The chances of a data breach occurring is relatively slim because of the little amount of information collected coupled with standard protective procedures. However, if a breach occurs, members of the community are notified using the official social media platforms of MyCrypto Inc. These channels are also used to notify the community about security issues in the Ethereum network, and also in the cryptocurrency ecosystem at large.
In an article on Medium, the database said it has been helpful in different projects and educating individuals about different types of crypto scams and how to recognize them. Examples of projects that have utilized data from the database include: (i) Brandon Arvanaghi and John Backus’ comprehensive analysis of the most lucrative scams, (ii) PhishFort’s incorporation of CryptoScamDB’s data into their browser extension, and (iii) Warning updates posted on the Twitter comment section of block explorers like Etherscan and forums such as bitcointalk.org, with links to the CryptoScamDB’s index.

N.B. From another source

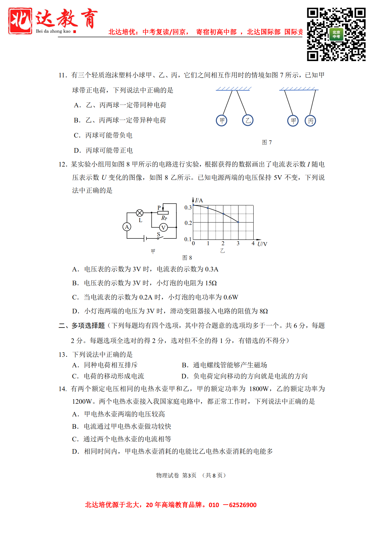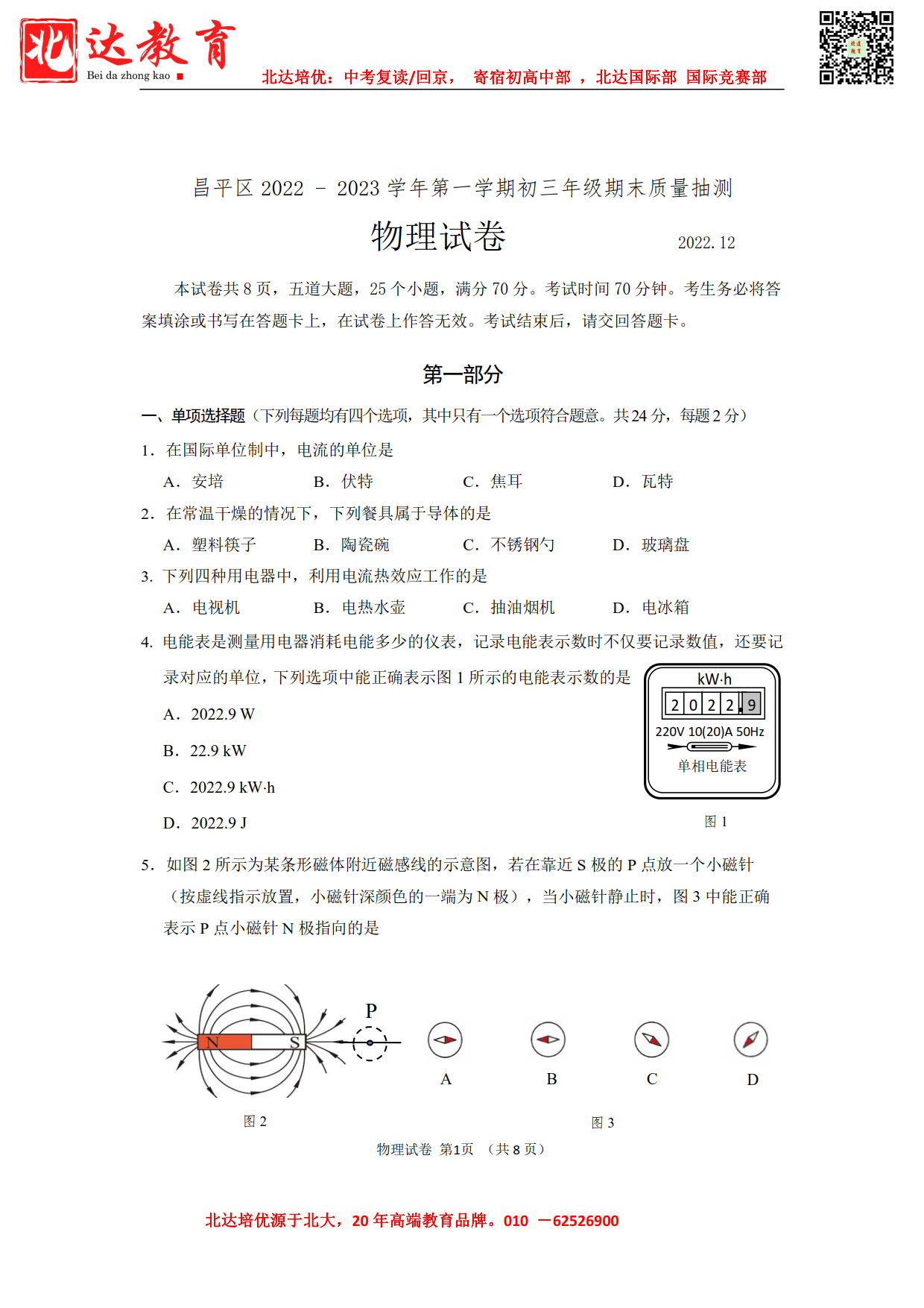 2022-2023学年北京昌平区初三上物理期末考试已结束,admw360中考网第一时间 为大家整理了相关试题,分享给大家。
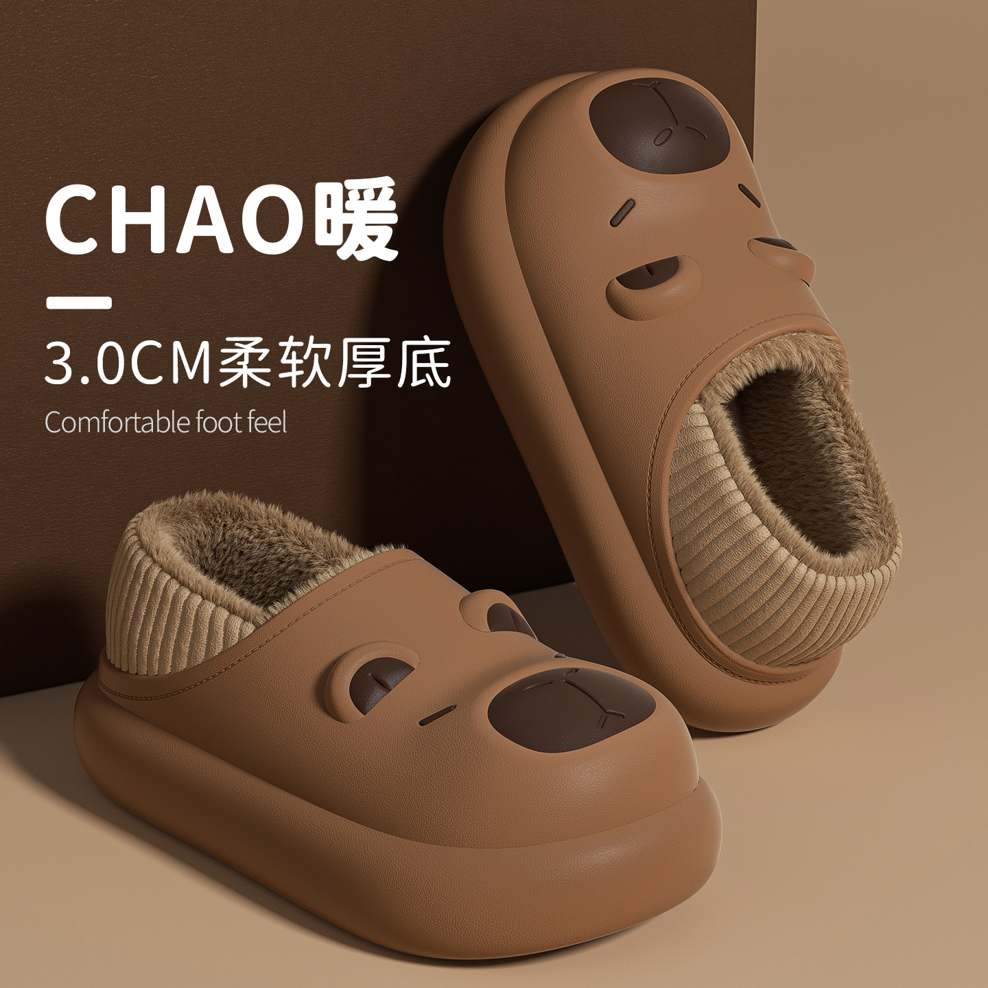 防滑防水室内宝宝包跟棉拖女 冬季 卡皮巴拉儿童棉拖鞋 男童2025新款

In conclusion, it is expedient that members of the cryptocurrency contribute one way or another to the growth of this database. The more crypto scams that are exposed, the most sanitized the crypto space will be. A sanitized crypto ecosystem will be boost the confidence of the community members, and also dampen the skepticism of those outside the systems. For people like the citizens of Uganda, knowing that there is a way to keep track of scams would revive the faith they once had in cryptocurrency.
Bearing all this in mind, crypto users should not be silent about scams. Stolen cryptocurrency, phishing sites, fake coins, fake exchanges and wallets, and other forms of crypto scams should be quickly reported to CryptoScamDB. Funds may not be recovered, but at least these scams will be nipped.